Could the listing be repeated exactly, with every picture dropped?

DATASET CONTENT:
========================

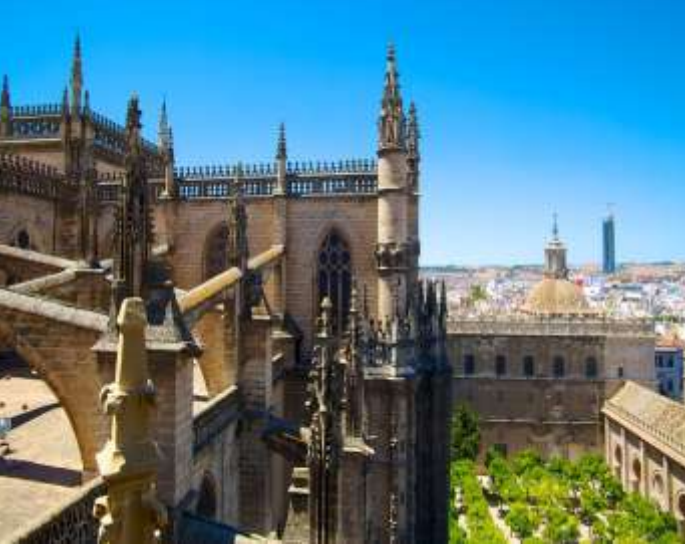
The tour will end with Santa Cruz Quarter, known for its orange trees and flower filled courtyards.
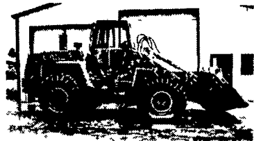
Case W30 Wheel Loader, Clean Machine $18,500

100% Financing w/Good Credit at 8% or less Int. in PA
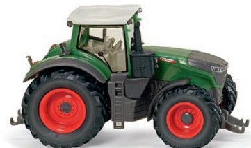
0361 64 Fendt 1050 Vario The latest version of the Allgäu-made tractor

========================

ANSWER SPACE:
The tour will end with Santa Cruz Quarter, known for its orange trees and flower filled courtyards.
Case W30 Wheel Loader, Clean Machine $18,500

100% Financing w/Good Credit at 8% or less Int. in PA
0361 64 Fendt 1050 Vario The latest version of the Allgäu-made tractor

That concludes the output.